So glad I found this thread today...I had decided that today I will start on my diet AGAIN...hopefully 15 by Thanksgiving.  I usually go by a modified weight watchers...hopefully this time I will exercise and have better results.

Kay


----------



## SDKath (Sep 8, 2008)

UGH!  I made brownies for the kids tonight!!!!  AAAAHHHH Help.  Someone give me some willpower tonight PLEEEASE.

Going to ride the bike.  That might keep my mind off the triple chocolate...

Katherine


----------



## JT62 (Sep 8, 2008)

I'm joining in, also. For ease of my keeping track, I will just use my weigh in from last Saturday (I don't keep a scale in the house-trying to focus on behavior, not my weight). So, with 10 weeks, I'd like to lose 15 pounds. (Of course, I'd like MORE, but I;m trying to be realistic)

JT


----------



## ladycody (Sep 8, 2008)

One day down.....

(ugh)


----------



## patti9600 (Sep 9, 2008)

*Good Day*

Good Day.  Walked 5 miles and ate well!  Here is to two in a row!

Patti


----------



## SDKath (Sep 9, 2008)

ladycody said:


> One day down.....
> 
> (ugh)



It gets easier!  I resisted the brownies and biked 25 minutes instead!   

Hang in there.    K


----------



## dmharris (Sep 9, 2008)

SDKath said:


> It gets easier! I resisted the brownies and biked 25 minutes instead!
> 
> Hang in there.  K


 

That is great!  Weight Watchers toffee ice cream bars are excellent for satisfying that chocolate craving and are only 2 points.


----------



## sammy (Sep 11, 2008)

*I'm in....*

.....pathetic as it is, right now my goal is just to be willing to get on the scale.    Last time I got on I'd put on 20 pounds since 2 years ago and I'm thinking I am even up higher than that right now; so here's my goal:
- get on the scale and face the truth by the end of September
- get down 8 more than that figure by Thanksgiving.  

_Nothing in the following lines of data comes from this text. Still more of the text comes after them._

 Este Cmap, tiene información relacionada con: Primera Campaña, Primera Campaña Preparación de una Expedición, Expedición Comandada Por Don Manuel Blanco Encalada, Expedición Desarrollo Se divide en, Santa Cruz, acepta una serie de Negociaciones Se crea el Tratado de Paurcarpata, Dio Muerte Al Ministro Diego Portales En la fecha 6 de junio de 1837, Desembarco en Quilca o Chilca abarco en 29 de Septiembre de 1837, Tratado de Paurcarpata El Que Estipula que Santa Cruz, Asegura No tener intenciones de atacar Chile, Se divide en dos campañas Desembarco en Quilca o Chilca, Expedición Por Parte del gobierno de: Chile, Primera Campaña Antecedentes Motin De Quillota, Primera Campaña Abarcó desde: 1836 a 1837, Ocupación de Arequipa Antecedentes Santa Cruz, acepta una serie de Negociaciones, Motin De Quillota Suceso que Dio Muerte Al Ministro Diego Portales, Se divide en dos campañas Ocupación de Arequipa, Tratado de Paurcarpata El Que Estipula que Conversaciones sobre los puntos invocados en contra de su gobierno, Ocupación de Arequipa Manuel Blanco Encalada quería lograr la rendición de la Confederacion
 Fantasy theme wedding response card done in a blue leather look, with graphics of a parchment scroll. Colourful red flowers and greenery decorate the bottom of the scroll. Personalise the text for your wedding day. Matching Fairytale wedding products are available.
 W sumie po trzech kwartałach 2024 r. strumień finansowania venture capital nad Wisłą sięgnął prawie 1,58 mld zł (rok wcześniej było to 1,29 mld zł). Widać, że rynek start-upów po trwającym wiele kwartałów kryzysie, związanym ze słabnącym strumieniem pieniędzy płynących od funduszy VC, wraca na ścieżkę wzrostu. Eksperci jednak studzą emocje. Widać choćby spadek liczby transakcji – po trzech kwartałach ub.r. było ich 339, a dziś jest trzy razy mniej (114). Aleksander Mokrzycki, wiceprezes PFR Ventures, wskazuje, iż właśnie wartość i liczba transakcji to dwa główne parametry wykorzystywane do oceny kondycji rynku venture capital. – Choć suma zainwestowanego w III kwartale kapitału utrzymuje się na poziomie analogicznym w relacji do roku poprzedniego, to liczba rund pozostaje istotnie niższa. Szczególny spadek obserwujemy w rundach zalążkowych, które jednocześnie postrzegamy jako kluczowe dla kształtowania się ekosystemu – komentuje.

That should put me back into most of my slacks again.

I'm toying with using a personal trainer, but they are soooo expensive, and I have so many pieces of equipment right at home.  Just need to eat less and use what I have.

Good luck to you all!!!


----------



## SDKath (Sep 11, 2008)

OK, I have been eating really well all week, sticking 100% to my JC plan except for a decaf nonfat mocha today at lunch.  And I have a weigh in tomorrow!  Wish me good luck!!!

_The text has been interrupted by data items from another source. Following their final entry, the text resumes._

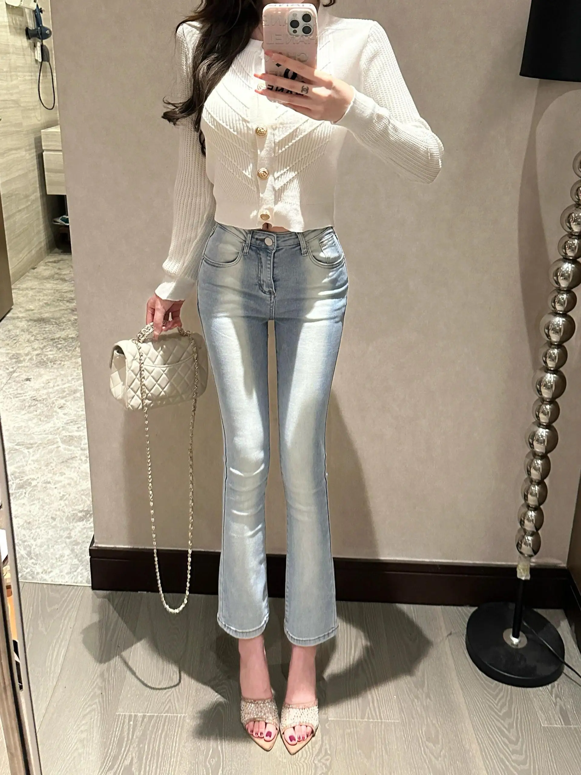 독특하고 아름다운 라이트 블루 그라데이션 하이 웨이스트 스트레이트 레그 청바지 통통한 힙 나인 포인트 팬츠 한국 스타일 슬리밍 레깅스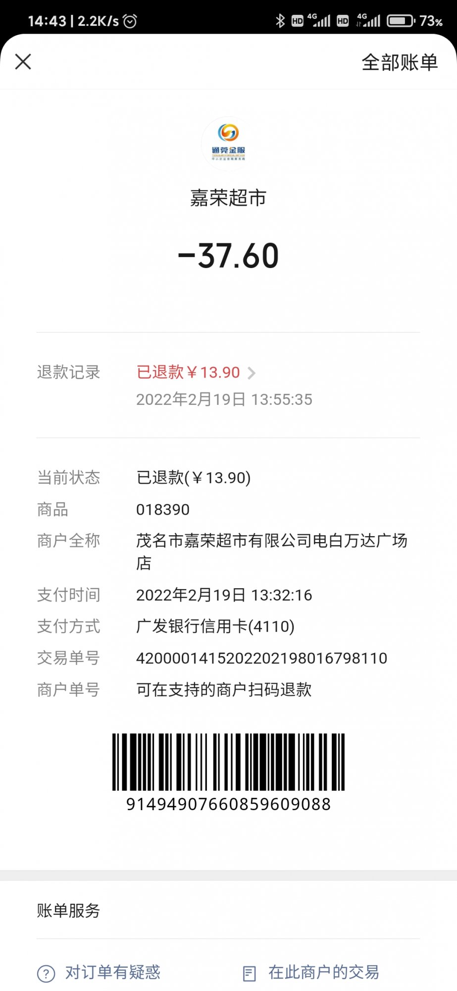 于是跟工作人员反应了情况想着就算了,然后她说叫我换一只我说太恶心吃不下这个了,她说帮我回馈去收银台退款一只鸡的钱。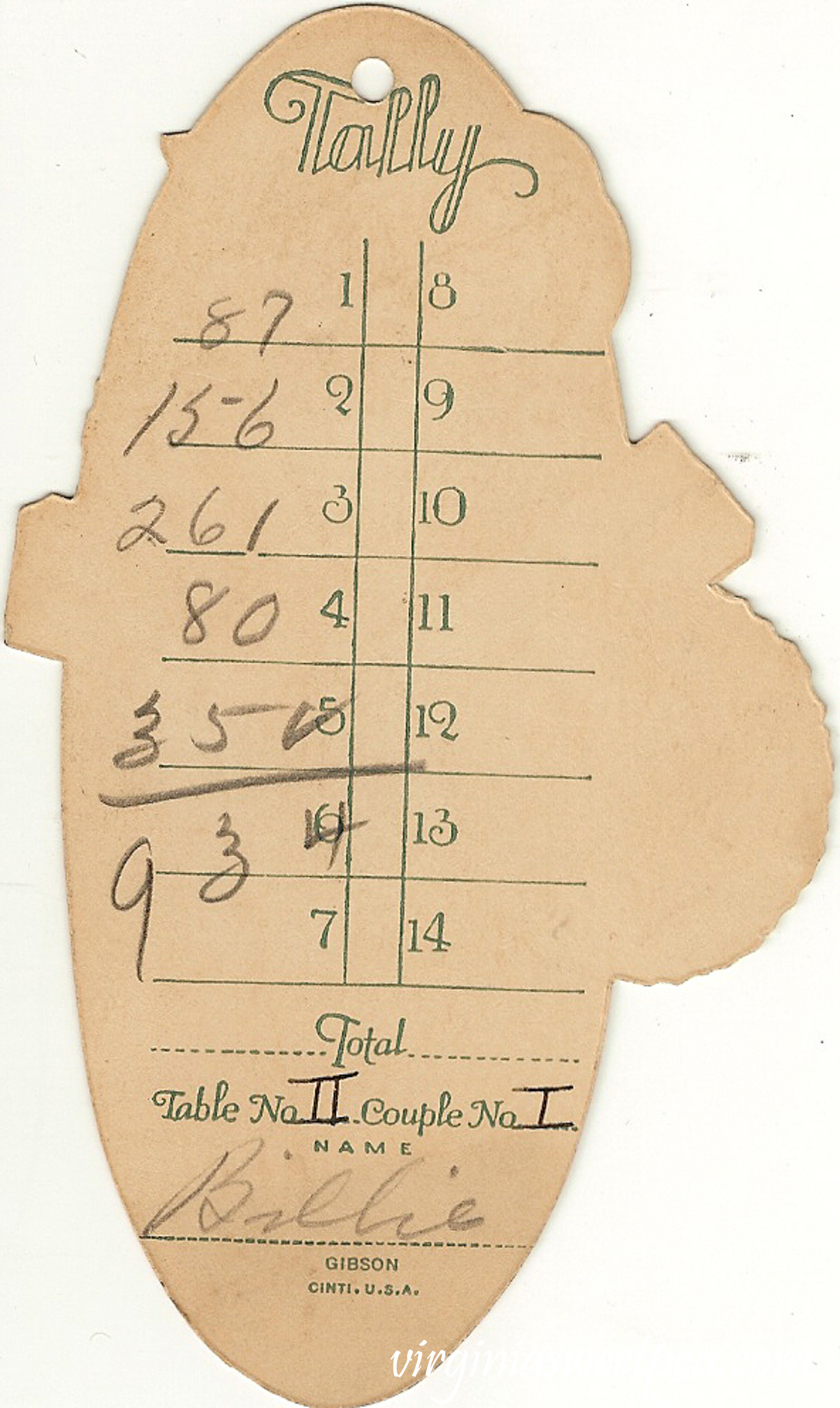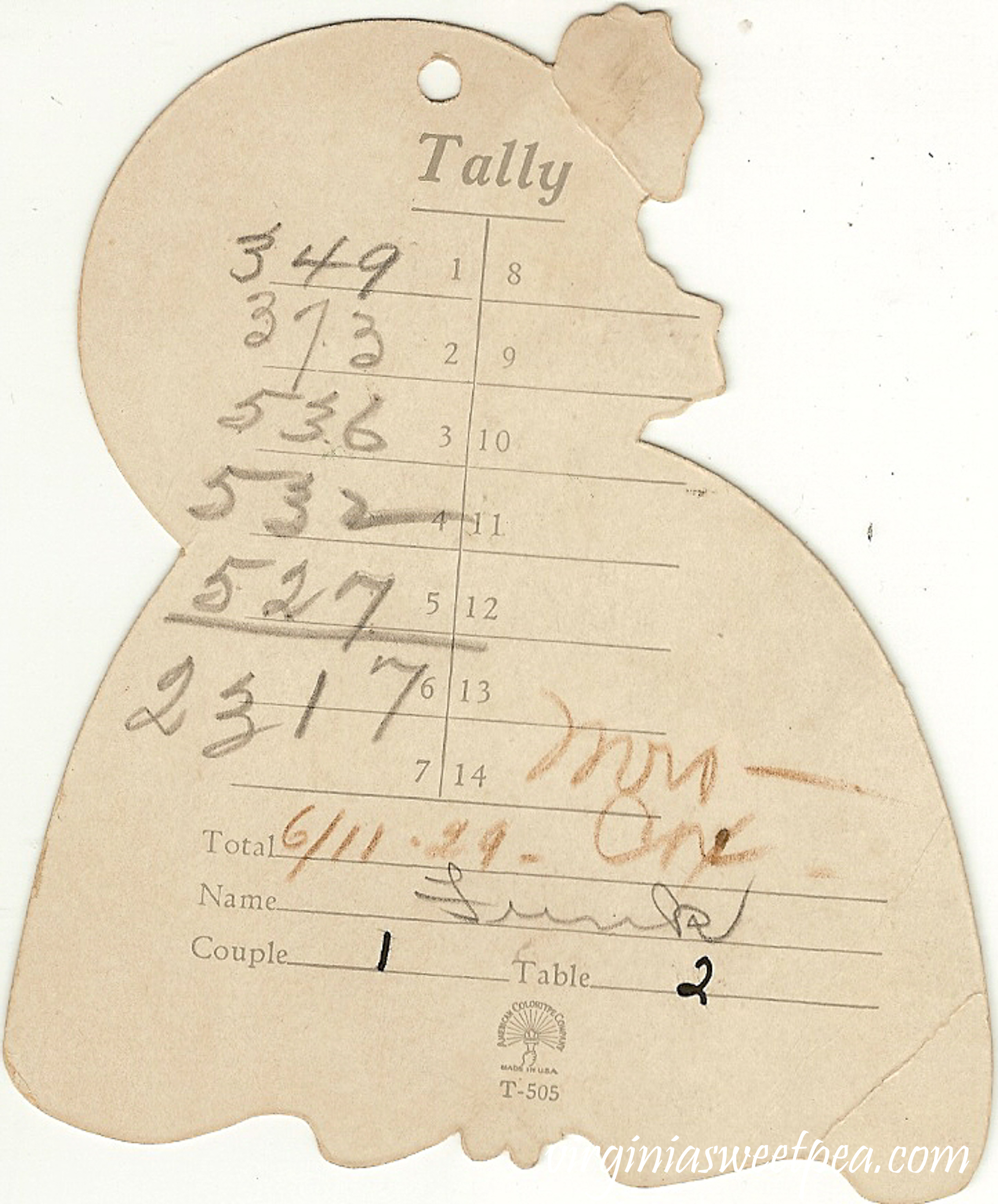 Aunt Willye and her husband George must have really enjoyed bridge.  They lived next door to my Aunt Fannie and Uncle Dodie in Vinton, Virginia.  Aunt Fannie and Uncle Dodie raised my grandmother and served as grandparents to my dad and Aunt Nancy.  If my Aunt Nancy reads this post, I hope she’ll chime in and let me know if Aunt Fannie and Uncle Dodie also played bridge.

My guess -- 1/2 pound down.  I'll take it though.  

Katherine


----------



## SDKath (Sep 13, 2008)

*Challenge NEW WEEK!*

OK, I think this is now week 2!  How is everyone doing?

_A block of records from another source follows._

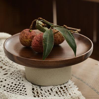 Piatto da Frutta in Ceramica Simplicity Vintage Piatto Creativo in Legno ad Alto Piede per Snack Piatto Espositore per Torte da Tè Pomeridiano Prodotti per la Casa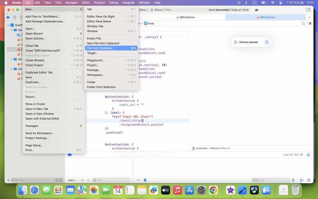 Xcode の上部タブメニューより、File → New → File from Template を選択します。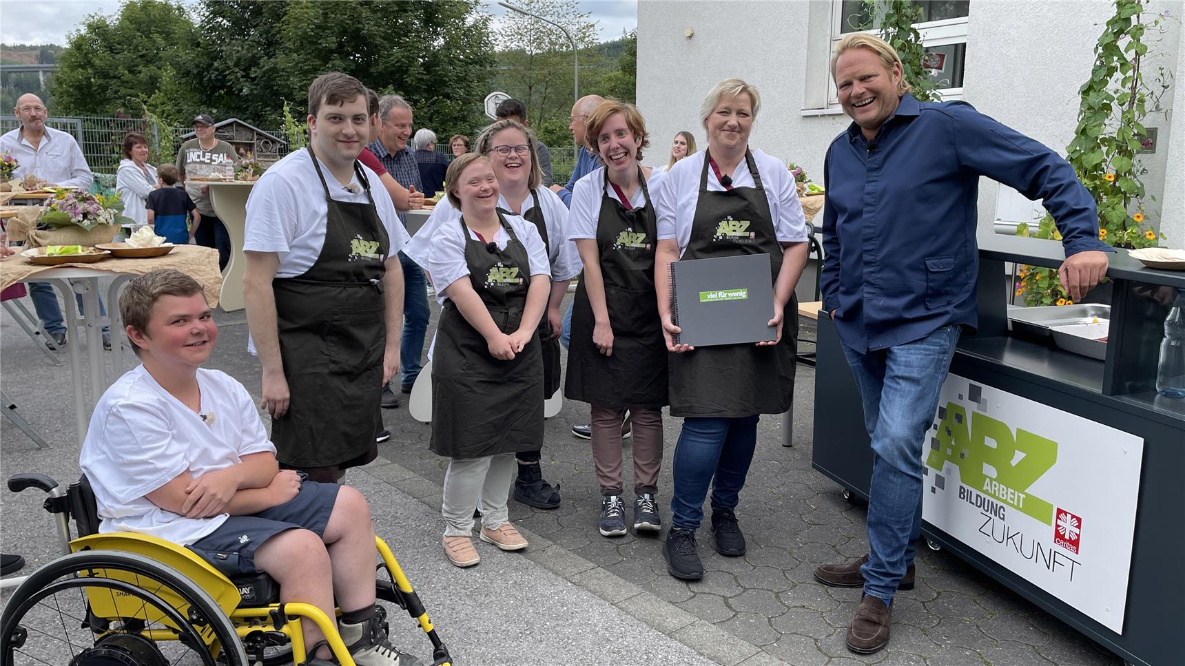 Ernst wurde es am nächsten Tag: Larissa, Katharina und die anderen sollten mit Björn Freitags Hilfe ein ganzes Catering auf die Beine stellen. Unter anderem standen Köttbullar-Spieße und Mangoldkuchen auf dem Speiseplan. Obwohl die Zeit knapp wurde und das Küchenteam nervös war, gelang das professionelle Catering. Den Gästen, Mitarbeitern aus der Nachbarschaft, die Björn Freitag eingeladen hatte, schmeckte es sichtlich. "Es war schön zu sehen, mit wie viel Freude und Konzentration unsere Beschäftigten dabei waren", freut sich Steffi Bierwagen, Einrichtungsleiterin des Arbeits- und Bildungszentrums der Caritas Arnsberg-Sundern. "Und auch für sie selber war es eine super Erfahrung zu sehen, dass sie solch eine große Herausforderung stemmen können."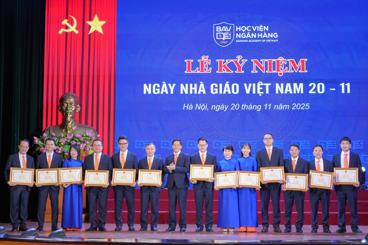 Ngày 20/11, Học viện Ngân hàng tổ chức Lễ kỷ niệm 43 năm Ngày Nhà giáo Việt Nam. Sự kiện không chỉ là dịp ôn lại truyền thống 64 năm xây dựng và phát triển, mà còn là diễn đàn khẳng định những bước chuyển mình mạnh mẽ của một cơ sở đào tạo hàng đầu trong bối cảnh chuyển đổi số. Phó Thống đốc Thường trực NHNN Việt Nam Đoàn Thái Sơn dự và phát biểu chỉ đạo tại buổi lễ.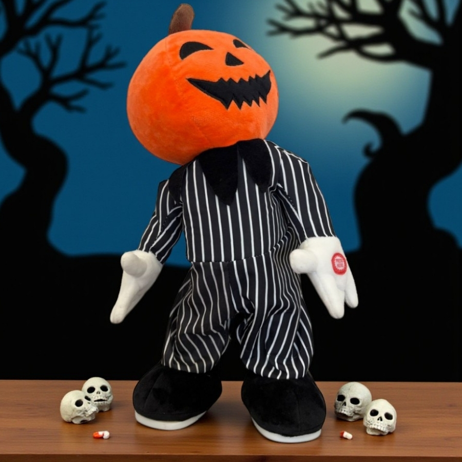 Pelúcia decorativa de Halloween em formato de abóbora dançarina, equipada com som e movimento. Mede 16x33x13cm, confeccionada em material macio e resistente, ideal para complementar decorações internas com interação e diversão temática.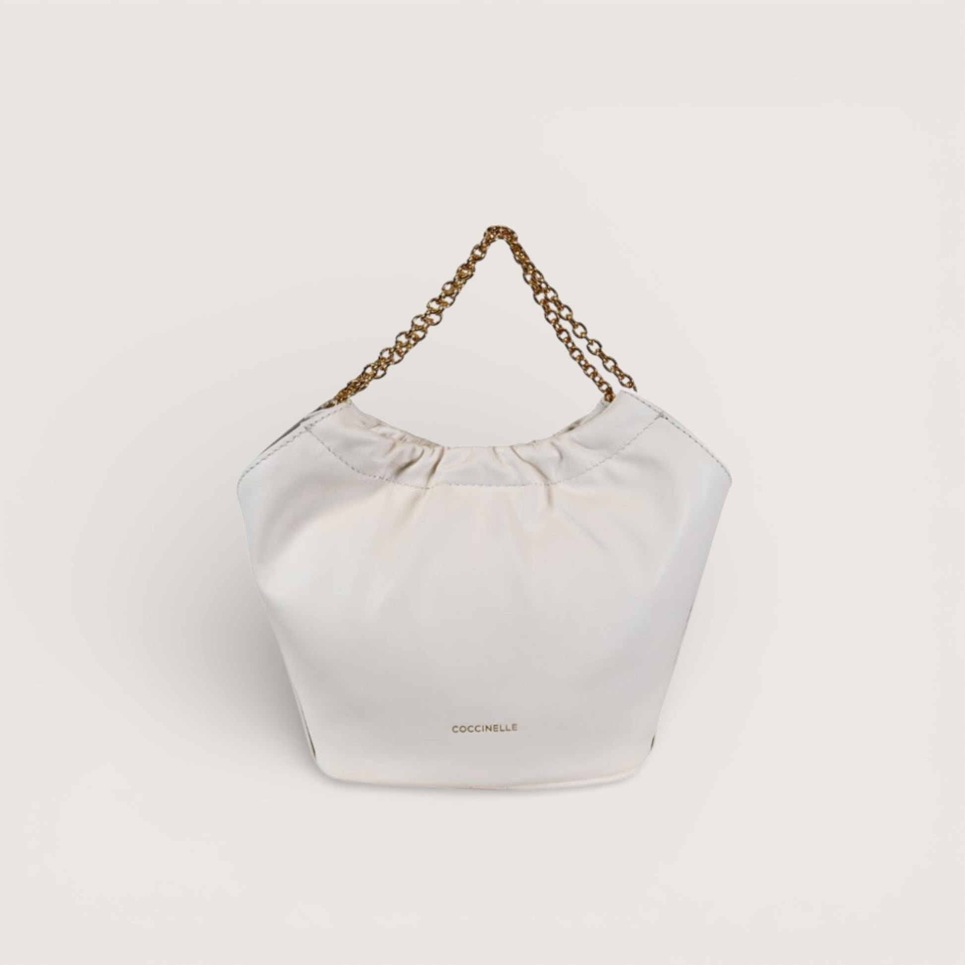 Лінія Coccinelle Smash втілює сучасний, жіночний характер бренду в його повній мірі. Легка гладка шкіра, зібрана металевим ланцюжком, утворює м’які складки, що надають моделі пластичного та витонченого вигляду. Логотип C-Me підкреслює дизайн і додає цій романтичній та місткій сумці індивідуального характеру. Для більшого комфорту ланцюжкові ручки доповнені шкіряною накладкою на плече. Модель виготовлена з гладкої шкіри, дубленої зі спеціальними оліями, які роблять її м’якою та приємною на дотик. Незважаючи на шовковистий вигляд, шкіра є стійкою до погодних умов завдяки використанню смол, що надають їй легких водовідштовхувальних властивостей, зберігаючи при цьому її природний вигляд.

Am down a pound!!!      Soooo excited.  I was super good this week but I did eat a carnitas burrito (well, the inside) today for lunch to celebrate.  I didn't have the tortilla so hopefully that is not too bad.

My resolution for this week is to work out more.  At least 3x this week for 30 minutes rather than my usual 20.

*What is your weekly resolution?  And was the scale in your favor this week?*

Katherine


----------



## UWSurfer (Sep 13, 2008)

SDKath said:


> OK, I think this is now week 2!  How is everyone doing?
> 
> Am down a pound!!!      Soooo excited.  I was super good this week but I did eat a carnitas burrito (well, the inside) today for lunch to celebrate.  I didn't have the tortilla so hopefully that is not too bad.
> 
> ...



I'm still on my roller coaster.  I was down a total of 3 lbs for the two weeks I was on the road, then after being home a week I was up 6 (regained the lost 3 + 3 more).  This was after yesterday's weigh in.   Did our long run with the Legger's today (8 miles now), downed two bottles of water which each weigh 1 lb, and for giggles stopped by the WW's center to see what I weighed after all that.  I was down 1.3 lbs compared to the day before. 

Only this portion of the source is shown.